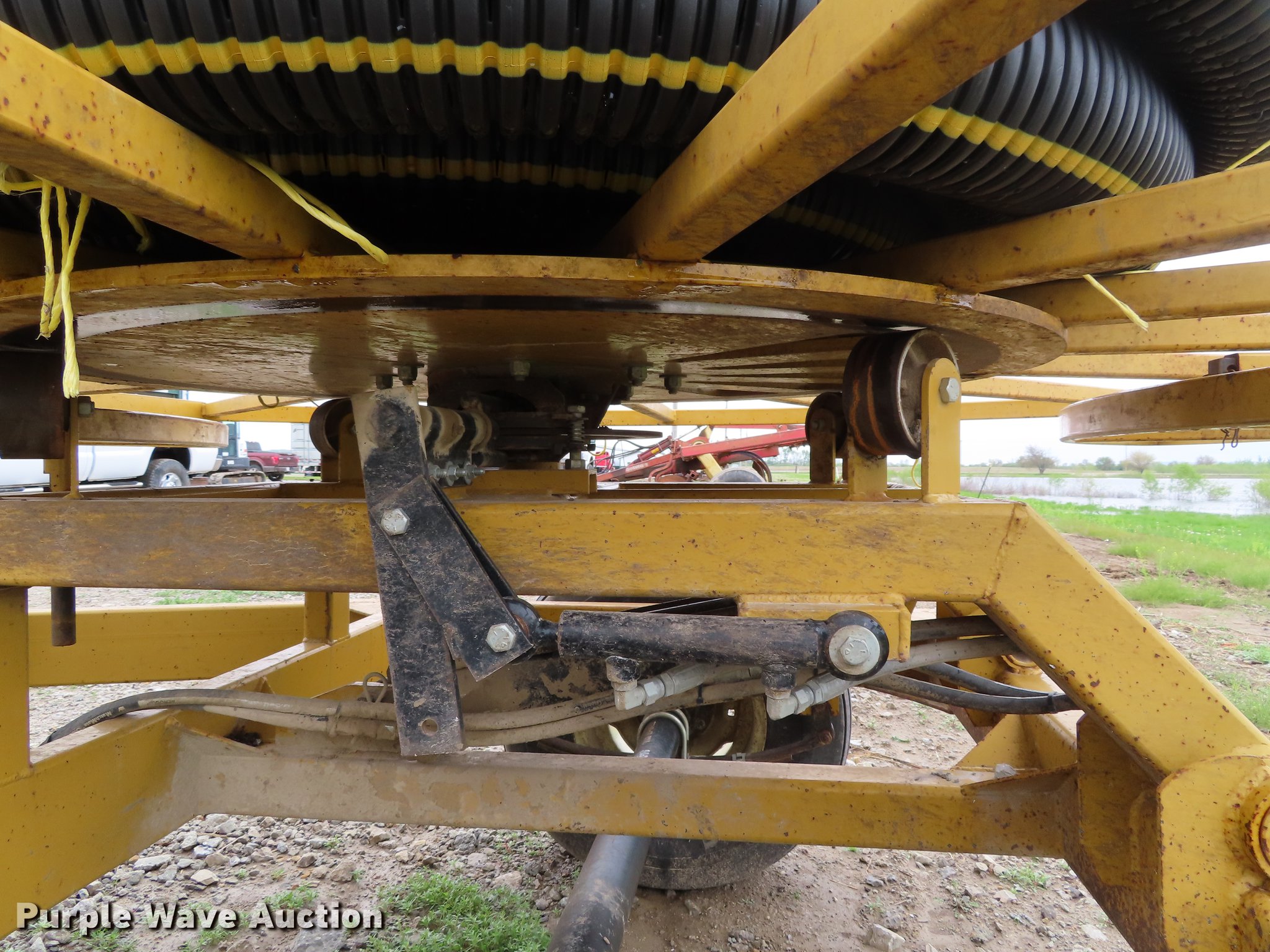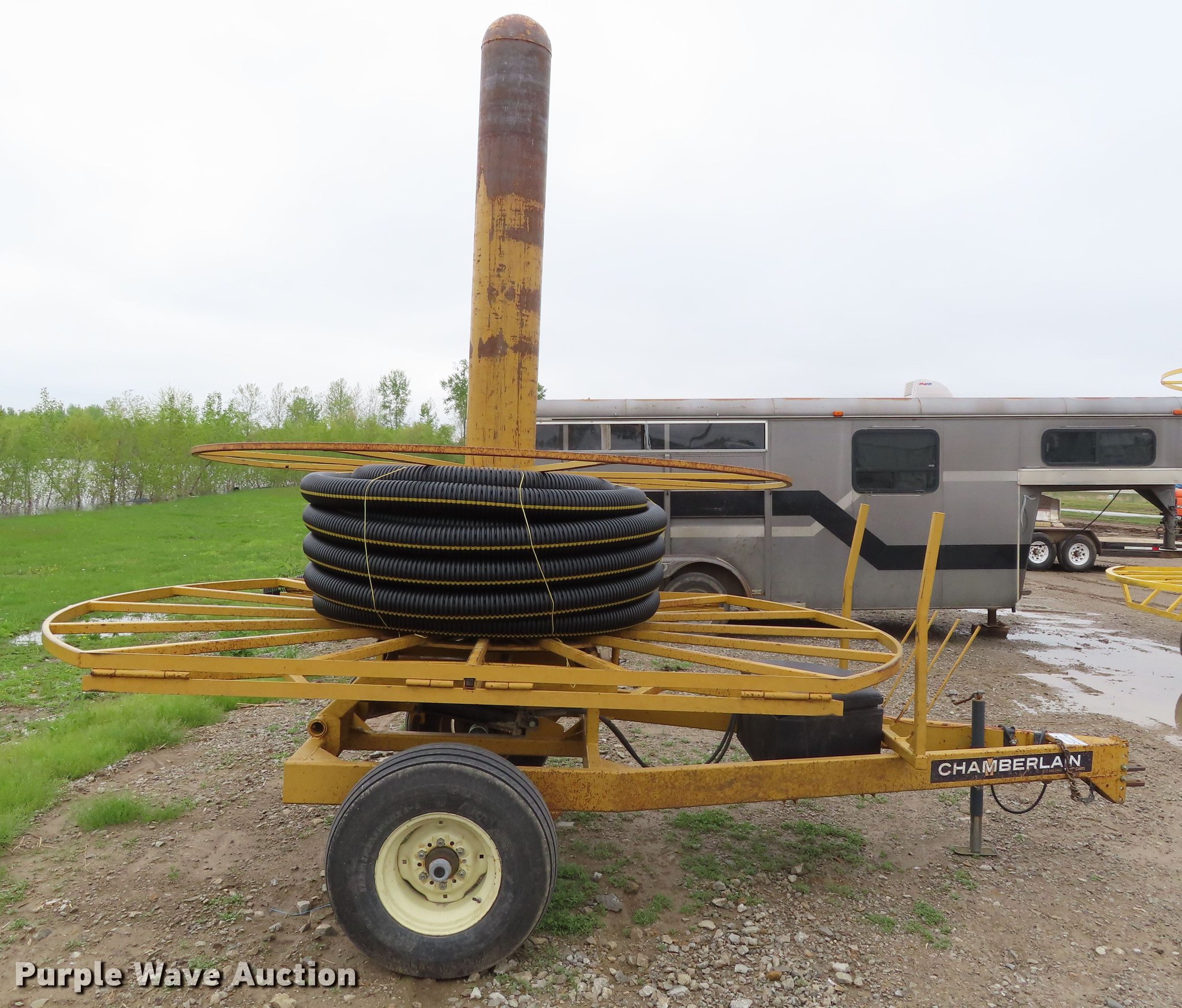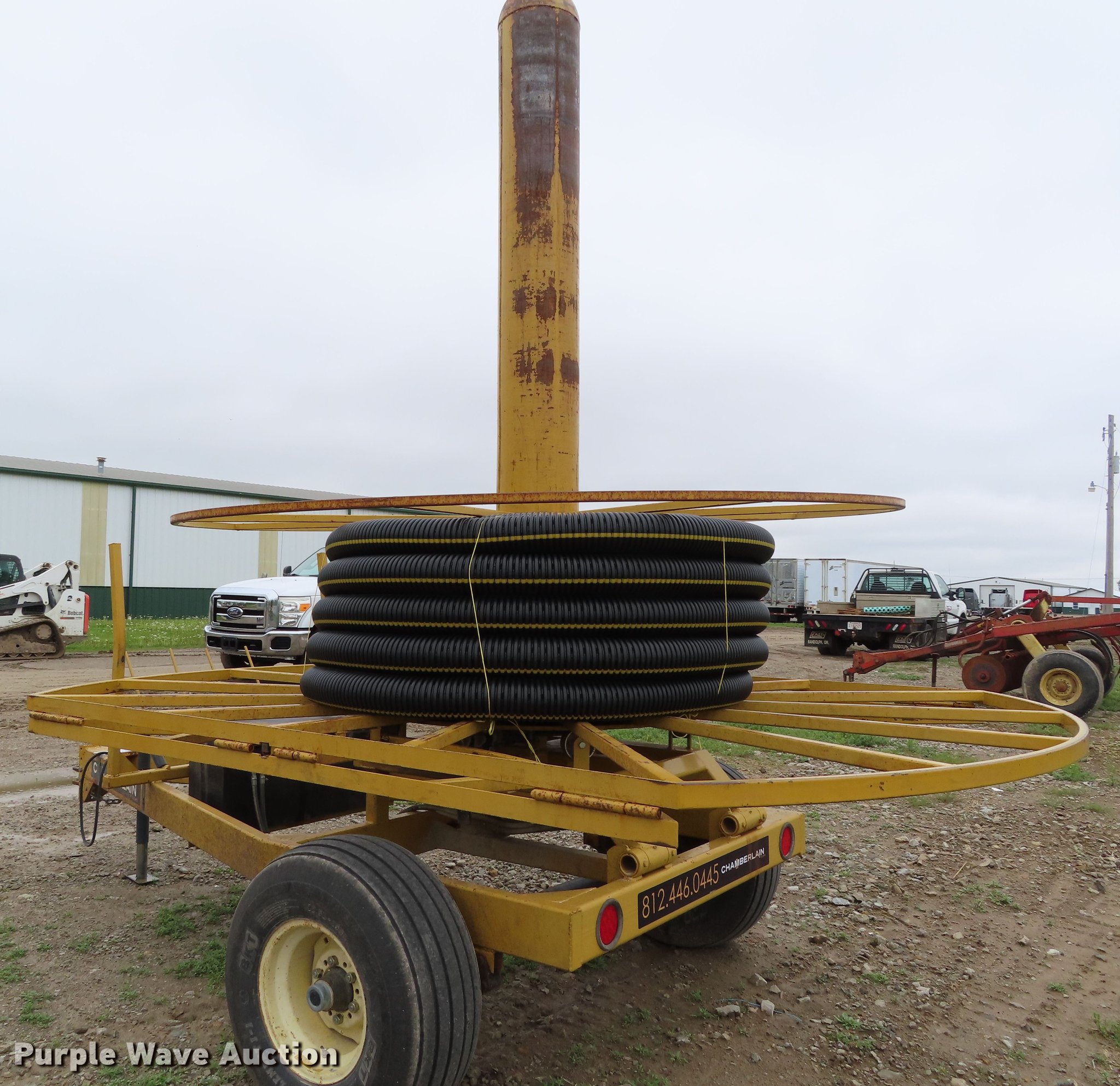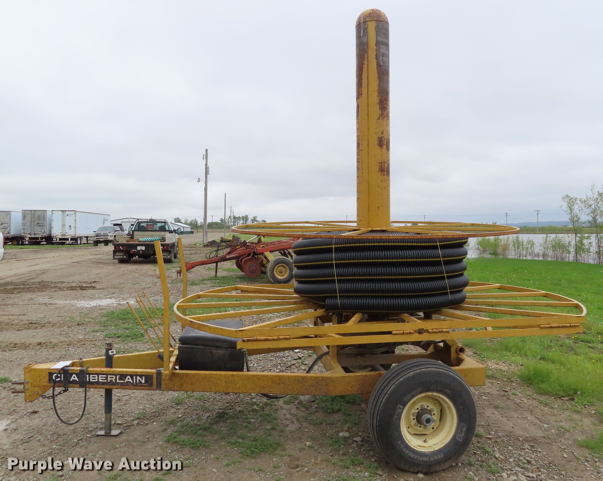 Purple Wave is selling a used Reel Trailer in Kansas. This item is a Chamberlain tile trailer with the following: Electric over hydraulic operation, Hydraulic reel brake, Hydraulic loading, Pin hitch, 12.5L-15 tires, Serial 91011612
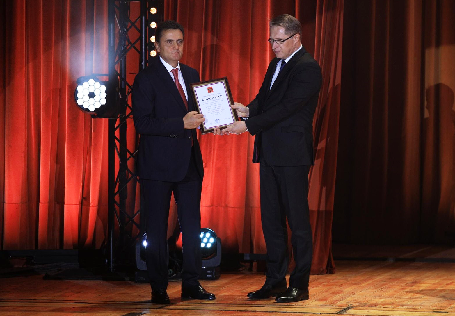Министр здравоохранения РФ Михаил Мурашко поздравил коллектив центра и вручил благодарность Президента Российской Федерации за заслуги в области здравоохранения и многолетнюю добросовестную работу.
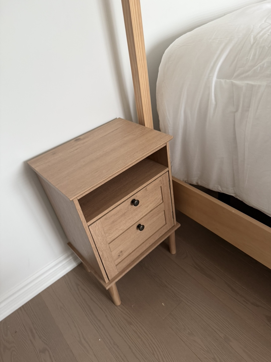 NEW wooden nightstand with two drawers and a top shelf space. This nightstand is a cozy place to place your books before bed.
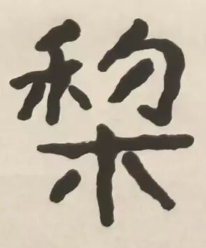 “梨”字我认为原字是黎字,也是因年久石损,线条残缺所致,如细看,刂字右上方有一撇,汉简及南北朝时期的书家就有将“氽”字写成“木”字的习惯(见图12)。
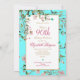 90th Floral Aqua Blue Elegant Monogram Birthday Invitation
-*-*-
Reproduce the full listing above verbatim, with no pictures included.

Task output
 Purple Wave is selling a used Reel Trailer in Kansas. This item is a Chamberlain tile trailer with the following: Electric over hydraulic operation, Hydraulic reel brake, Hydraulic loading, Pin hitch, 12.5L-15 tires, Serial 91011612
Министр здравоохранения РФ Михаил Мурашко поздравил коллектив центра и вручил благодарность Президента Российской Федерации за заслуги в области здравоохранения и многолетнюю добросовестную работу.
 NEW wooden nightstand with two drawers and a top shelf space. This nightstand is a cozy place to place your books before bed.
 “梨”字我认为原字是黎字,也是因年久石损,线条残缺所致,如细看,刂字右上方有一撇,汉简及南北朝时期的书家就有将“氽”字写成“木”字的习惯(见图12)。
 90th Floral Aqua Blue Elegant Monogram Birthday Invitation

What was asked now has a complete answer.